By adding silane-modified organic dye molecules, the Stober technique integrates fluorescent NPs. The allylation and hydrolyzation processes can be used to synthesize these changed compounds. Similar optical characteristics with exceptional photostability have been observed in the produced fluorescent NPs and PR254A (allylated pigment red 254). In order to increase the binding affinity of poly (N-vinyl-2-pyrrolidone) (PVP)-coated Si NPs for fingerprint detection, PVP is added to their surface. Fluorescent Si NPs have the potential to improve fingerprint detection on hydrophobic and hydrophilic surfaces for individual identification due to their simple fabrication and controllable surface qualities [15].

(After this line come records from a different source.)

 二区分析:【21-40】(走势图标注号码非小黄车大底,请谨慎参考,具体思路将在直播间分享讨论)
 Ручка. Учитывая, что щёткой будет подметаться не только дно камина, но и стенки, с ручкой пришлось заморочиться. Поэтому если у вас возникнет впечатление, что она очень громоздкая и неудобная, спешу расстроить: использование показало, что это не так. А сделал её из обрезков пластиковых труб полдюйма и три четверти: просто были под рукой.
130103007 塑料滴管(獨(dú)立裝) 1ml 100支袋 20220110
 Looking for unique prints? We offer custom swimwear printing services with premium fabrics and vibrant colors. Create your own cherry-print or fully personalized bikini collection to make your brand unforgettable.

A unique emerging agent for fingerprint detection can be made from mesoporous MSNPs with a particle size as small as 50 nm. A form of dye, methylene blue molecules, can improve the contrast of produced fingerprints when combined with nanomaterials. The two techniques for generating fingerprints are suspension and powder. Additionally, the powder approach exhibits a better effect on fingerprint growth than the other method and is successful in detecting the sweat pores of fingerprints [16]. The inventions and advances made possible by nanotechnology have had a huge influence on how fingerprint development procedures are now more sensitive and selective. Nanomaterials can be used to improve the development of fingerprint ridges, luminous fingerprints, and chemical probing. As a result, it is shown that the spherical mono-dispersed method is extremely effective in leaving fingerprints on both semi-porous and non-porous surfaces [17,18].

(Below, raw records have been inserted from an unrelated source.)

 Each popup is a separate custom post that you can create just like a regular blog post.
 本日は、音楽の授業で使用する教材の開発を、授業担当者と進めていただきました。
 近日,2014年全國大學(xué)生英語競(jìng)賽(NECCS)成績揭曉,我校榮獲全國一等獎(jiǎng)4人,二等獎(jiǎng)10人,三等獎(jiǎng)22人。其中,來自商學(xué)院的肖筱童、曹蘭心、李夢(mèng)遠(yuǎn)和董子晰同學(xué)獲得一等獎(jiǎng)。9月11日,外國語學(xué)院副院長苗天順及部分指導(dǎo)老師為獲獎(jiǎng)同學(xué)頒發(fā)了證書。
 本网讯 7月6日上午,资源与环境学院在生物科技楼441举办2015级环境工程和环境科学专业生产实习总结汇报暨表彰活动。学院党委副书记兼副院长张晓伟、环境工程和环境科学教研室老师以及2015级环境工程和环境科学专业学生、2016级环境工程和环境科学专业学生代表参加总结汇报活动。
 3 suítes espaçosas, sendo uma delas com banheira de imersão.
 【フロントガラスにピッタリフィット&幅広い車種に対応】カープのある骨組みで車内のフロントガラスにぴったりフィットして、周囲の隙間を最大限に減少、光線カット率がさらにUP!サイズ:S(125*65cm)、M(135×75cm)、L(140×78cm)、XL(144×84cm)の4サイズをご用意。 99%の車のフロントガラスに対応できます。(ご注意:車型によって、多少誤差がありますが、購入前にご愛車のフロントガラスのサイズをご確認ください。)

Although attempts have been made to increase the detection limit of latent fingerprints (LFPs) by using fluorescent nanomaterials, such as quantum dots, carbon dots, and up-conversion nanoparticles, issues still persist due to their poor detection performance, difficult manufacturing process, photobleaching, and toxicity [15,19,20]. There is a need to develop more efficient and cost-effective Si NPs using easy methods. Therefore, in this study, to overcome the aforementioned limitations, this approach has been synthesized for the development of latent finger impressions.
2. Materials and Methods
2.1. Chemicals and Reagents
Cetyltrimethylammonium bromide (CTAB), ammonium hydroxide, and tetraethyl orthosilicate (TEOS), silica, fumed (SiO2) (MW 60.08, 0.2–0.3 µm), and Whatman® Grade 1 filter paper were purchased from Sigma-Aldrich (St. Louis, MO, USA). Hydrochloric acid (HCl), methanol, ethyl acetate, mercuric chloride, and ethanol were of analytical grade (AR) and purchased from Merck (Mumbai, India).
2.2. Sample Collection
Three individuals provided the samples for this work (three female and one male). To eliminate any type of filth, each volunteer cleansed their hands with soap and water. In order to remove any extra sweat or oil, the fingers were rubbed on the nose and forehead before being placed on various surfaces. On these surfaces, full and partial prints of each participant were obtained. The surfaces taken included both porous and non-porous ones.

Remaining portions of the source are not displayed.